President Lee Jae-myung will preside over an extraordinary Cabinet meeting on the 5th to discuss responses related to the Middle East situation. With signs that war is spreading across the Middle East after U.S. and Israeli airstrikes on Iran, and after President Donald Trump recently even mentioned the possibility of deploying ground troops to Iran, the government will review high oil prices and inflation across ministries.

President Lee Jae-myung speaks during a joint press announcement at Malacañang Palace in Manila, the Philippines, on the 3rd (local time). /Courtesy of News1

According to Cheong Wa Dae on the 4th, the president will chair a Cabinet meeting the day after returning home that day from a four-day, three-night state visit to Singapore and the Philippines. Cabinet meetings are usually held every Tuesday, and the previous day Prime Minister Kim Min-seok led the meeting in place of the traveling president. However, as the Middle East situation intensifies, the president intends to preside directly to grasp the situation.

At the extraordinary Cabinet meeting, the Ministry of Economy and Finance and the Ministry of Foreign Affairs will brief on the Middle East situation and its global economic impact, after which the government plans to assess the effects on the domestic economy and discuss responses. Earlier, Chief of Staff Kang Hoon-sik also presided over a separate senior secretaries' meeting at Cheong Wa Dae the previous day and said, "In this grave situation where geopolitical uncertainty in the Middle East is expanding, the government must fulfill its essential functions so that the public can feel secure and go about their daily lives."

◇Even within the ruling party, calls to exercise veto on the "three judicial reform bills"

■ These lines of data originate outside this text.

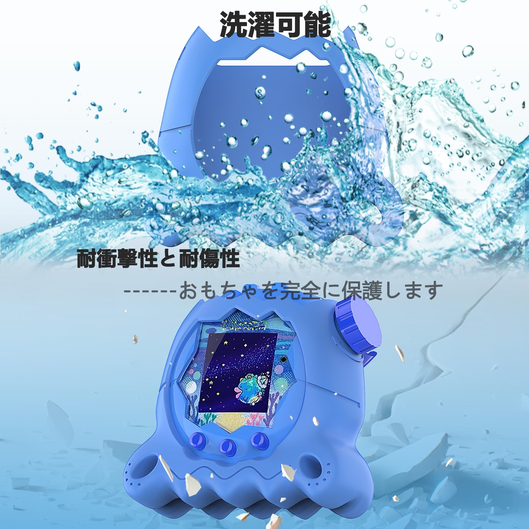 BCWXIONシリコンケースカバー For Tamagotchi Paradise(たまごっちパラダイス), 付属画面パネル保護フィルム 指掛けストラップ 指紋防止 落下防止 軽量 耐衝撃 防塵 全面保護カバ (青)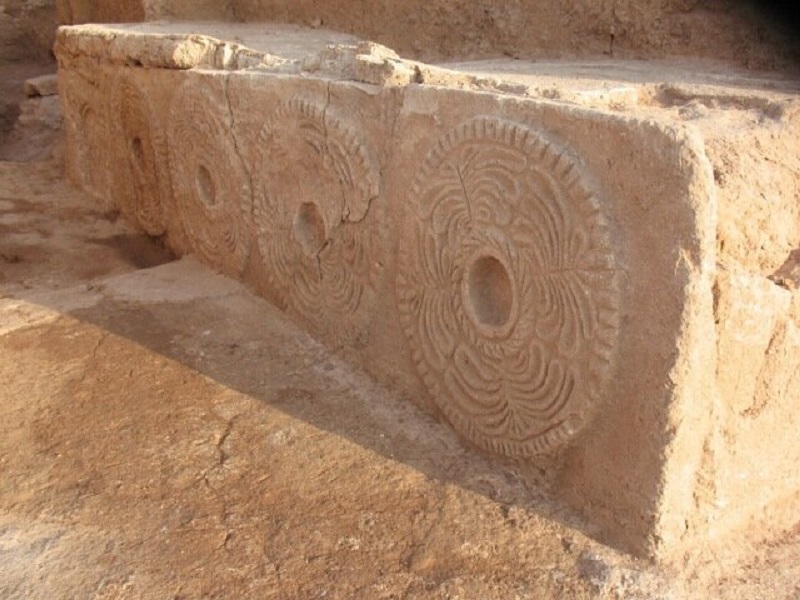وی به کشف تعدادی گچ‌بری با نقش نخل، چاه آب به عنوان نماد تجلی ایزد آناهیتا در آتشکده و تعدادی پایه آتشدان در این بنای تاریخی اشاره کرد و گفت: در بخشی از بنا سه پایه آتشدان گچی در راس یک سکوی تی(T) شکل قرار گرفته‌اند و با ادامه کاوش‌ها قطعه دیگر از پایه‌های گچی را پیدا کردیم که مشخص شد بخش بالای سه پایه گچی هستند. هر چند کارکرد آنها دقیقا مشخص نیست، اما برخی از باستان‌شناسان بر این عقیده‌اند که این پایه‌های گچی شاید محلی بوده که ظرف فلزی حاوی آتش مقدس روی آنها قرار می‌گرفته و یا اینکه روی این پایه‌ها یک تخت قرار داشته که جایگاه نشستن یک شخص مهم همچون پادشاه یا حاکم منطقه بوده است.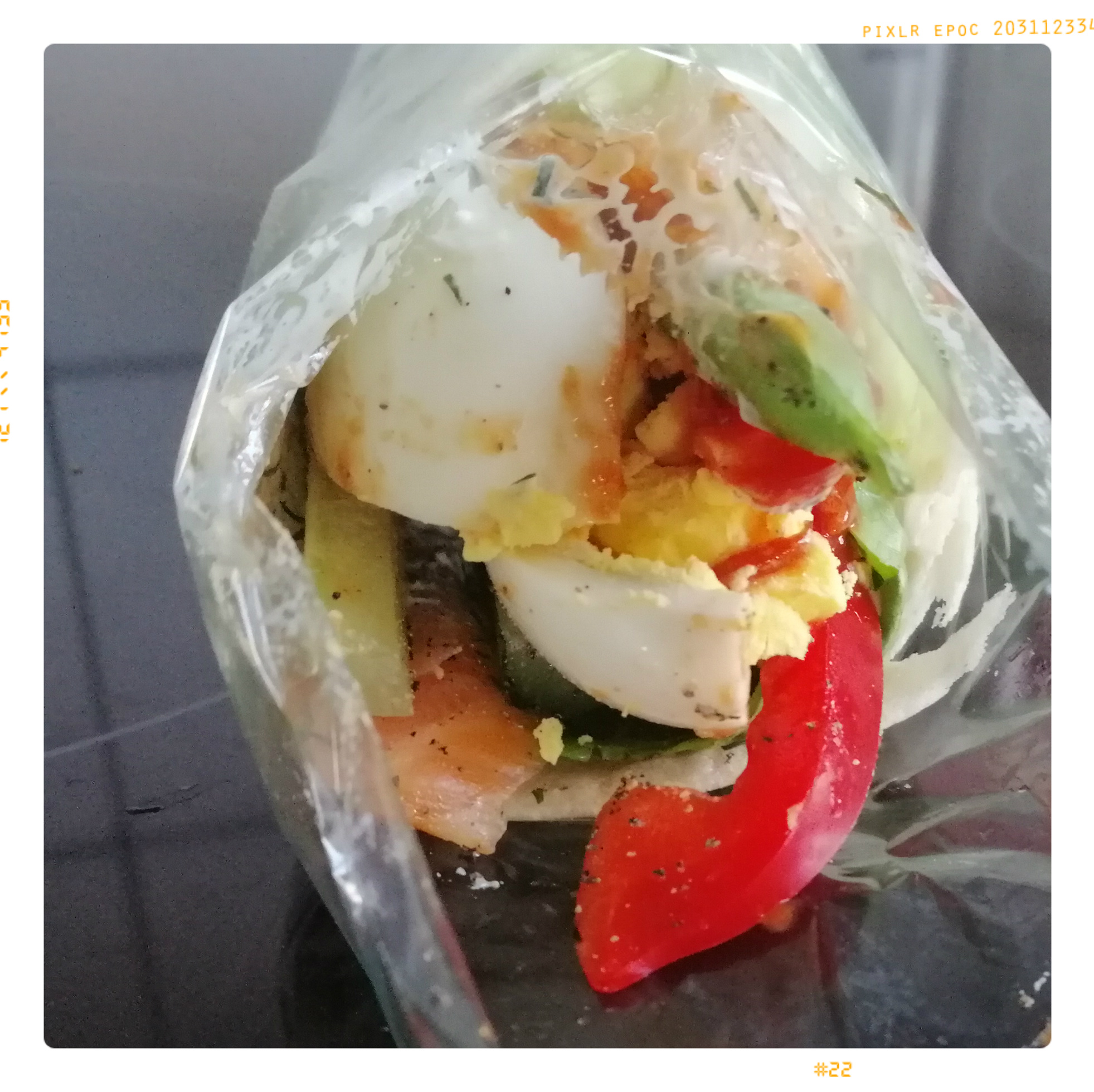 frisch gemahlenem schwarzen Pfeffer würzen, zu zwei Wrap fest zusammenrollen und in

Attention is also on whether the promulgation of laws recently passed by the National Assembly's plenary session will be reviewed and approved at the extraordinary Cabinet meeting. Starting on the 24th of last month, the National Assembly went through a five-night, six-day filibuster (unlimited debate) and handled the following: ▲a special act to establish the integrated Gwangju-South Jeolla Special City ▲the third amendment to the Commercial Act that mandates cancellation of treasury shares ▲the three judicial reform bills (law distortion crime, appeal to the Constitutional Court for trial, and increasing the number of Supreme Court justices).

The opposition and the legal community view the three judicial reform bills as "bulletproof legislation" aimed at easing President Lee's various trial risks, and are calling for the exercise of the presidential right to request reconsideration (veto). In particular, regarding the law distortion crime, which says, "If a criminal case is adjudicated by distorting the law, the offender shall be punished by up to 10 years in prison or disqualification," even within the ruling party there are voices saying the president should veto it. Kwak Sang-eon, a Democratic Party lawmaker and the son-in-law of former President Roh Moo-hyun, cast a dissenting vote on the bill at last month's plenary session, saying it would "damage the constitutional order."